━━ Data records ━━

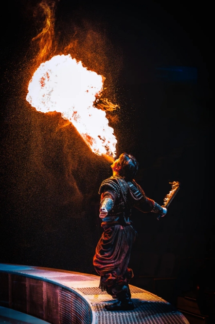 “本次升級,我們采用“天幕地屏+激光投影”的立體舞臺設(shè)計,打破了傳統(tǒng)演出的空間限制,給觀眾帶來前所未有的沉浸式體驗?!睂?dǎo)演閔銳接受采訪時說,“《王的戰(zhàn)車》以北方部落的古老傳說為藍(lán)本,將傳統(tǒng)技藝與現(xiàn)代科技巧妙融合。比如縵吊演員的表演象征著部落信仰的升華,而噴火表演則象征著勇士的熾熱斗志。整場演出既保留了傳統(tǒng)雜技的力量與驚險,又通過全息投影技術(shù)等科技手段賦予其全新的藝術(shù)表達(dá),希望觀眾在觀演的過程中,除了感受到震撼,也能體會到中國傳統(tǒng)文化的深厚底蘊(yùn)與傳承。
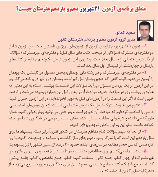 نکاتی درباره آزمون 21 شهریور دهم هنرستان
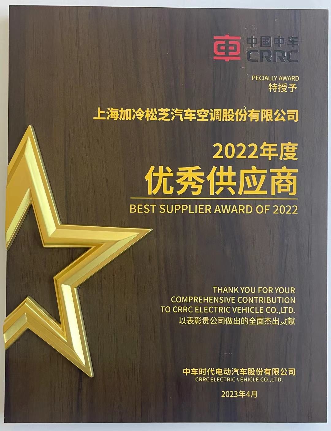 ×ðÁú¿Ê±¹É·ÝÈÙ»ñÖгµÊ±´úµç¶¯Æû³µ¹É·ÝÓÐÏÞ¹«Ë¾ÊÚÓè¡°2022Äê¶ÈÓÅÒ칩ӦÉÌ¡±
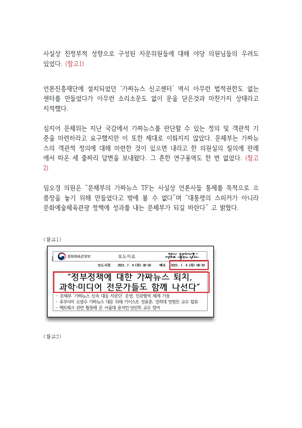 [국회의원 임오경 국감보도자료]가짜뉴스 척결하겠다던 문체부의 가짜뉴스신속자문단, 1년간 회의 단 1차례
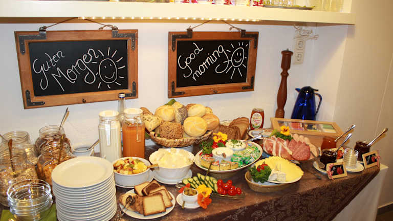 Unser reichhaltiges und schönes Frühstücksbuffet sorgt dafür, dass Sie einen guten Start in Ihren erlebnisreichen Tag haben.
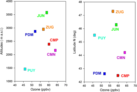Summertime mean O3 values at CMP during the experimental campaign in comparison with the climatological values (period 2001–2008) reported by Gheusi et al. (2011) for five European mountain stations: Jungfraujoch (JFJ), Zugspitze (ZUG), Pic du Midi (PDM), Monte Cimone (CMN), Puy de Dôme (PUY). On the left (right): the y-axis reports the altitudes (latitudes) of the measurement sites
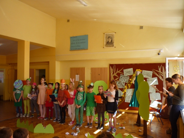 Z okazji przypadającego 22 kwietnia Dnia Ziemi, uczniowie klasy IV wraz z wychowawczynią przygotowali przdstawienie o temetyce ekologicznej, które poruszało problem zanieczyszczania środowiska. Zwierzątka leśne oraz Ufoludki uczyły dzieci, jak dbać o nasze środowisko.
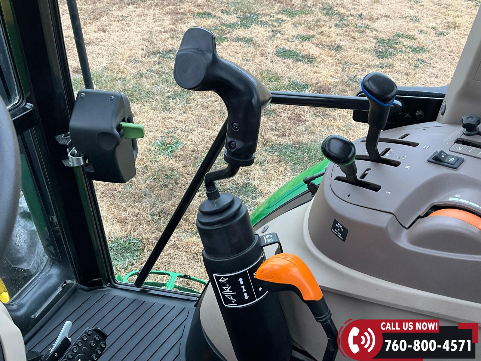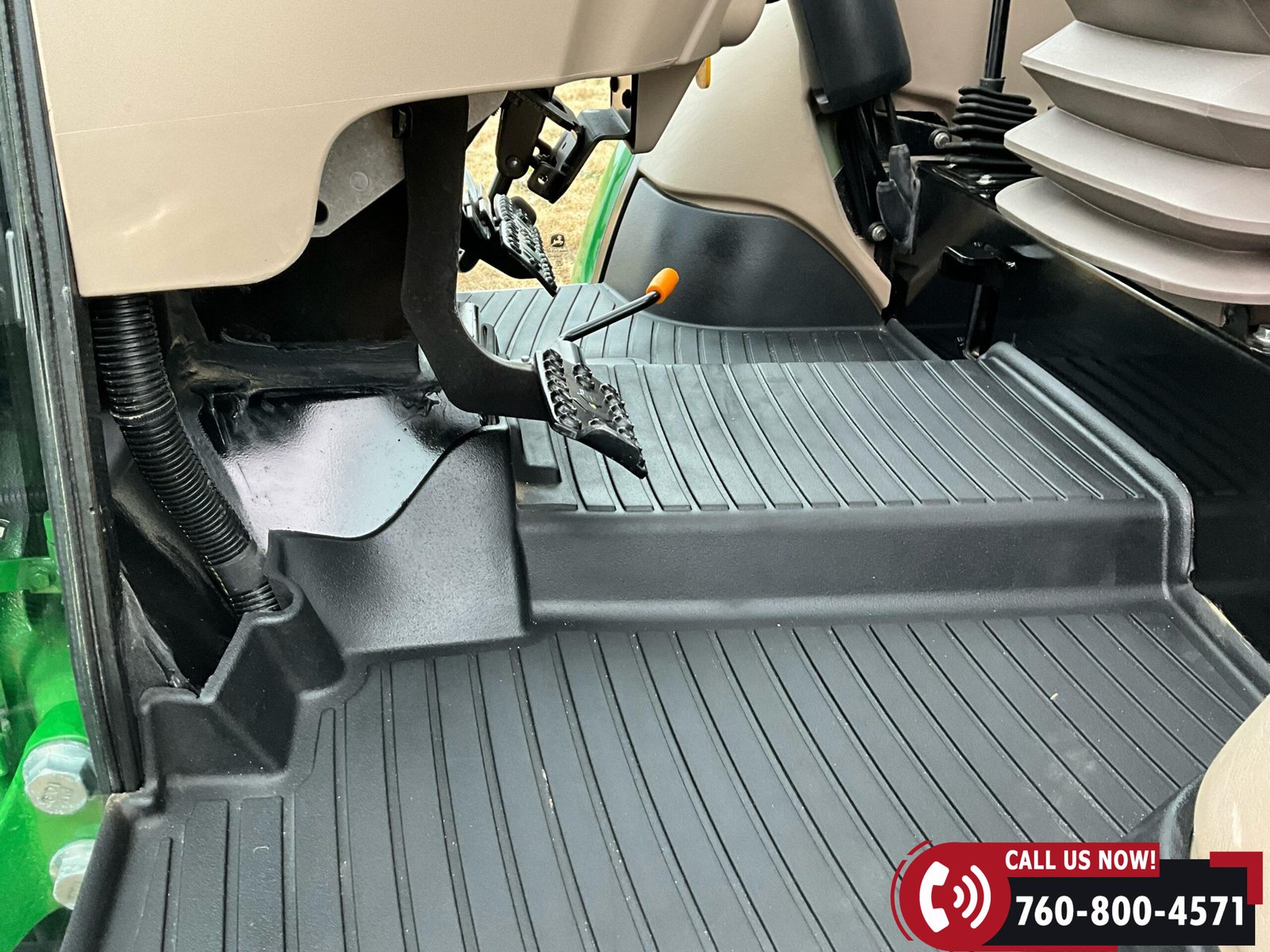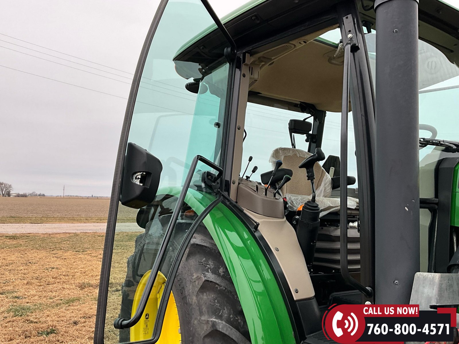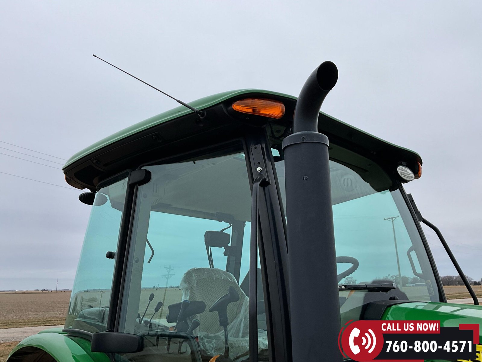 Cab is fully enclosed with two doors and includes an air ride operator seat, buddy seat, heat and A/C, AM/FM/USB/Aux/Bluetooth radio, tilt steering, hand and foot throttle, sun roof, sun shade, rearview mirror, front and rear wipers, LED lighting, toolbox, and operator’s manuals. Tractor is also equipped with a front grille guard.
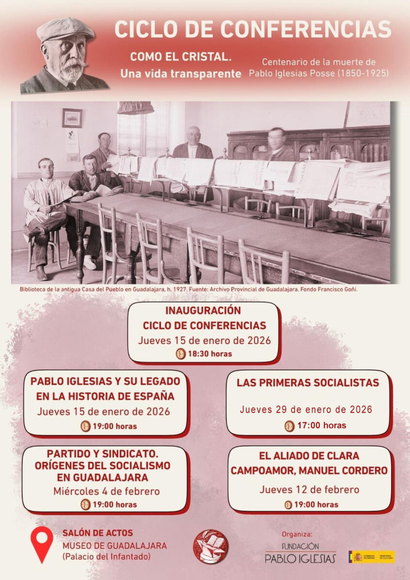 Evento relacionado: Conferencia: “Pablo Iglesias y su legado en la historia de España”. Ciclo de conferencias: “Como el cristal. Una vida transparente”
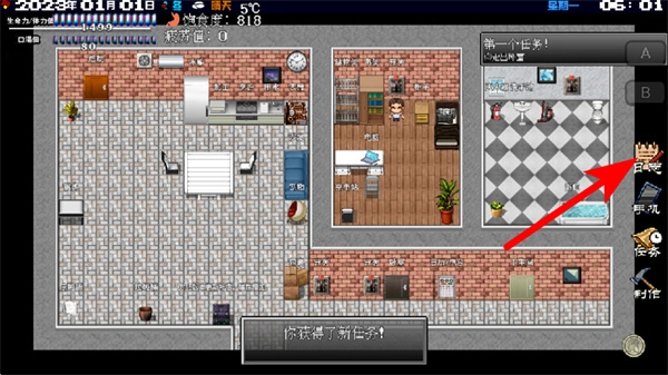 在场景界面里,顺着箭头所指的方向找到和任务相关的区域,这是获取新任务的基本操作,只要靠近对应的区域就能触发任务提示。
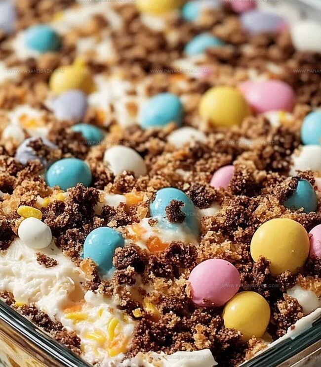 Creamy Easter dirt cake brings layers of chocolatey delight to family gatherings. Rich pudding, crushed cookies, and playful gummy worms create a whimsical treat you’ll savor with pure joy.
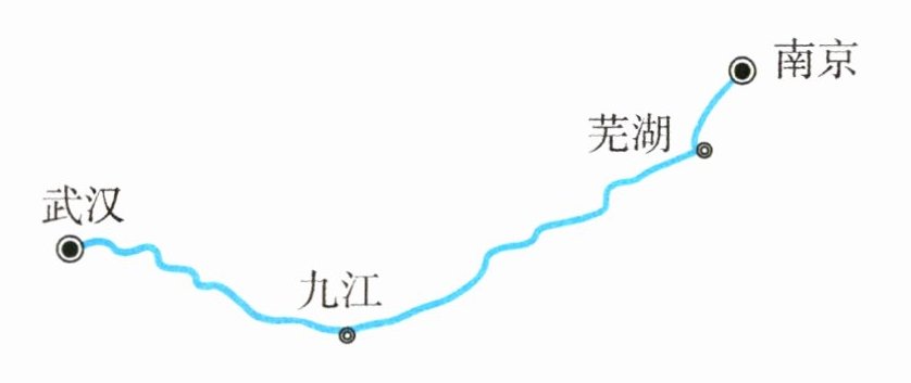 (3)一艘客轮从武汉出发,沿航线已经航行了约560千米,在图中用“▲”标出客轮的大致位置。
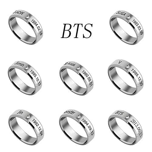 Ring for Men BTS Rings Stainless Steel Silver Ring Kpop BTS Bangtan Members Name & Dob Engraved Ring for Men and Boys.
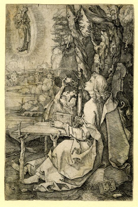 Ludwig Krug (Germánia, agens Nürnberg, 1488 – 1532), Joánnes in Patmo EN St John on Patmos; seated at a desk on r, holding an open book and a pen; looking up to an apparition of the Virgin and Child at upper left; a devil standing behind the table, 1510-1532. Exémpla : London, British museum, Inv. 1936,0111.1. paper, engraving, 150x99 mm. |
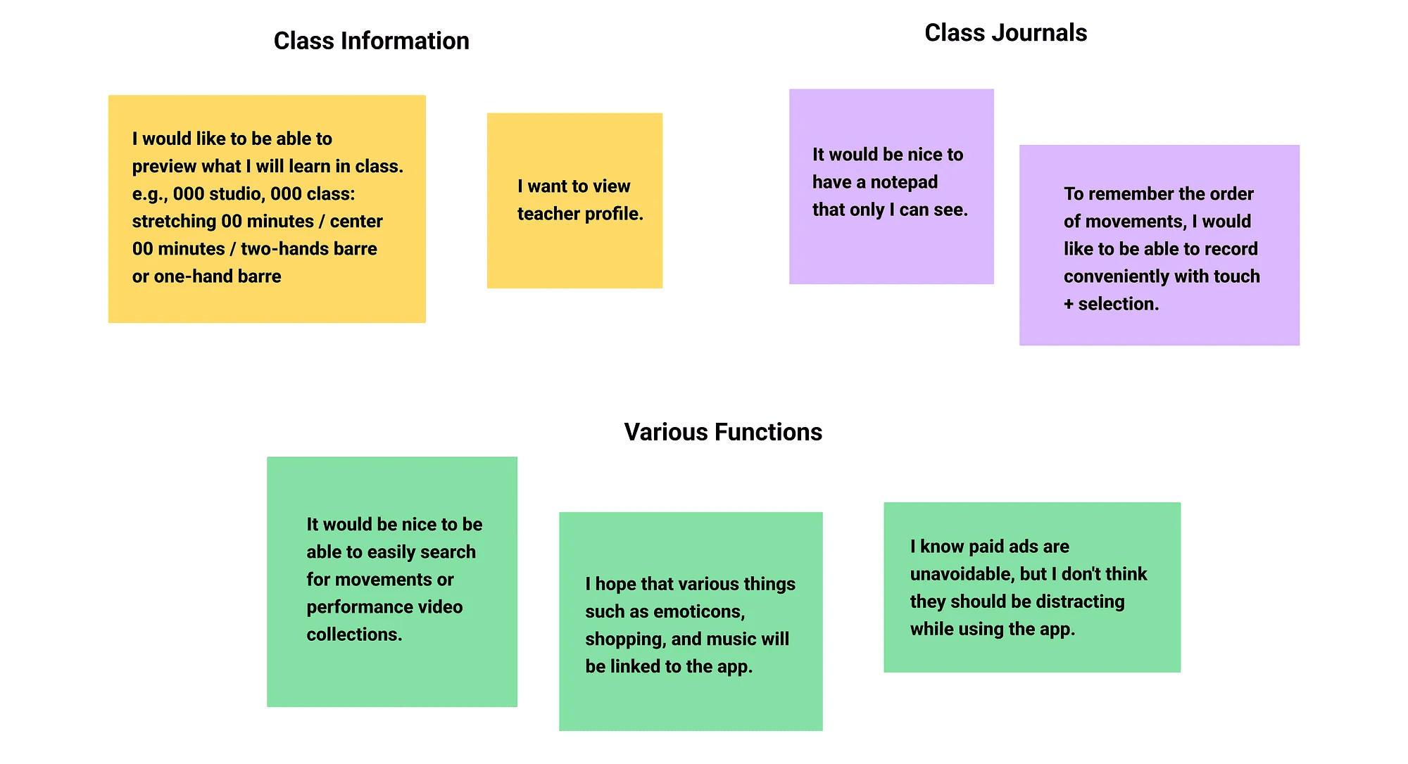 I’ve conducted interviews with six adult ballet learners. I’ve asked for their opinions on the ballet app they currently use then organized my data through affinity mapping.
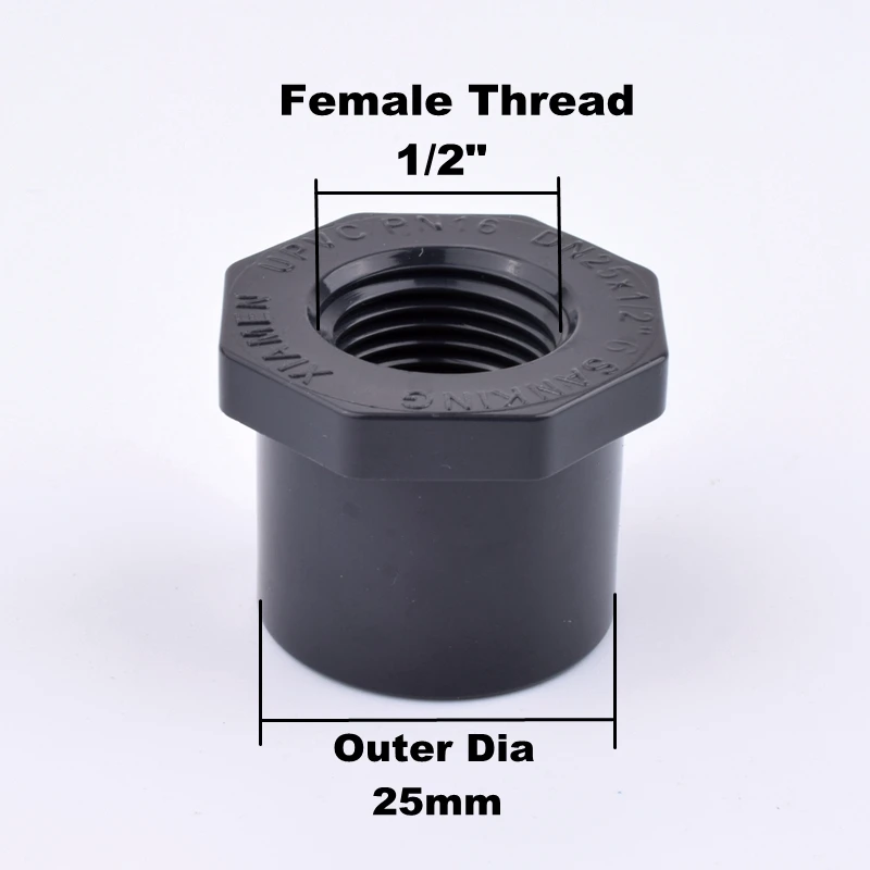 Страна происхождения: Китай (материк) Название продукта: UPVC дополняет сердечник женской нити Цвет: темно-серый Размер: 1/4 ''-20 мм, 1/2''-25 мм, 1/2 ''-32 мм, 3/4''-32 мм. Другие размеры доступны, пожалуйста, свяжитесь с нами, если вам нужно. Режим подключения: Используйте клей ПВХ для подключения Материал: ПВХ (экологический материал, безопасный и нетоксичный) 100% новый и высокое качество Применение: садовые, домашние, теплицы, полив газонов, полив аквариума, фитинги DIY и т. Д.

━━━

_Exercise_
Return every record exactly, minus the pictures.

_Problem solution_
 “本次升級,我們采用“天幕地屏+激光投影”的立體舞臺設(shè)計,打破了傳統(tǒng)演出的空間限制,給觀眾帶來前所未有的沉浸式體驗?!睂?dǎo)演閔銳接受采訪時說,“《王的戰(zhàn)車》以北方部落的古老傳說為藍(lán)本,將傳統(tǒng)技藝與現(xiàn)代科技巧妙融合。比如縵吊演員的表演象征著部落信仰的升華,而噴火表演則象征著勇士的熾熱斗志。整場演出既保留了傳統(tǒng)雜技的力量與驚險,又通過全息投影技術(shù)等科技手段賦予其全新的藝術(shù)表達(dá),希望觀眾在觀演的過程中,除了感受到震撼,也能體會到中國傳統(tǒng)文化的深厚底蘊(yùn)與傳承。
 نکاتی درباره آزمون 21 شهریور دهم هنرستان
 ×ðÁú¿Ê±¹É·ÝÈÙ»ñÖгµÊ±´úµç¶¯Æû³µ¹É·ÝÓÐÏÞ¹«Ë¾ÊÚÓè¡°2022Äê¶ÈÓÅÒ칩ӦÉÌ¡±
 [국회의원 임오경 국감보도자료]가짜뉴스 척결하겠다던 문체부의 가짜뉴스신속자문단, 1년간 회의 단 1차례
 Unser reichhaltiges und schönes Frühstücksbuffet sorgt dafür, dass Sie einen guten Start in Ihren erlebnisreichen Tag haben.
Summertime mean O3 values at CMP during the experimental campaign in comparison with the climatological values (period 2001–2008) reported by Gheusi et al. (2011) for five European mountain stations: Jungfraujoch (JFJ), Zugspitze (ZUG), Pic du Midi (PDM), Monte Cimone (CMN), Puy de Dôme (PUY). On the left (right): the y-axis reports the altitudes (latitudes) of the measurement sites
 Z okazji przypadającego 22 kwietnia Dnia Ziemi, uczniowie klasy IV wraz z wychowawczynią przygotowali przdstawienie o temetyce ekologicznej, które poruszało problem zanieczyszczania środowiska. Zwierzątka leśne oraz Ufoludki uczyły dzieci, jak dbać o nasze środowisko.
 Cab is fully enclosed with two doors and includes an air ride operator seat, buddy seat, heat and A/C, AM/FM/USB/Aux/Bluetooth radio, tilt steering, hand and foot throttle, sun roof, sun shade, rearview mirror, front and rear wipers, LED lighting, toolbox, and operator’s manuals. Tractor is also equipped with a front grille guard.
 Evento relacionado: Conferencia: “Pablo Iglesias y su legado en la historia de España”. Ciclo de conferencias: “Como el cristal. Una vida transparente”
 在场景界面里,顺着箭头所指的方向找到和任务相关的区域,这是获取新任务的基本操作,只要靠近对应的区域就能触发任务提示。
 Creamy Easter dirt cake brings layers of chocolatey delight to family gatherings. Rich pudding, crushed cookies, and playful gummy worms create a whimsical treat you’ll savor with pure joy.
 (3)一艘客轮从武汉出发,沿航线已经航行了约560千米,在图中用“▲”标出客轮的大致位置。
 Ring for Men BTS Rings Stainless Steel Silver Ring Kpop BTS Bangtan Members Name & Dob Engraved Ring for Men and Boys.
 Ludwig Krug (Germánia, agens Nürnberg, 1488 – 1532), Joánnes in Patmo EN St John on Patmos; seated at a desk on r, holding an open book and a pen; looking up to an apparition of the Virgin and Child at upper left; a devil standing behind the table, 1510-1532. Exémpla : London, British museum, Inv. 1936,0111.1. paper, engraving, 150x99 mm. |
 I’ve conducted interviews with six adult ballet learners. I’ve asked for their opinions on the ballet app they currently use then organized my data through affinity mapping.
 Страна происхождения: Китай (материк) Название продукта: UPVC дополняет сердечник женской нити Цвет: темно-серый Размер: 1/4 ''-20 мм, 1/2''-25 мм, 1/2 ''-32 мм, 3/4''-32 мм. Другие размеры доступны, пожалуйста, свяжитесь с нами, если вам нужно. Режим подключения: Используйте клей ПВХ для подключения Материал: ПВХ (экологический материал, безопасный и нетоксичный) 100% новый и высокое качество Применение: садовые, домашние, теплицы, полив газонов, полив аквариума, фитинги DIY и т. Д.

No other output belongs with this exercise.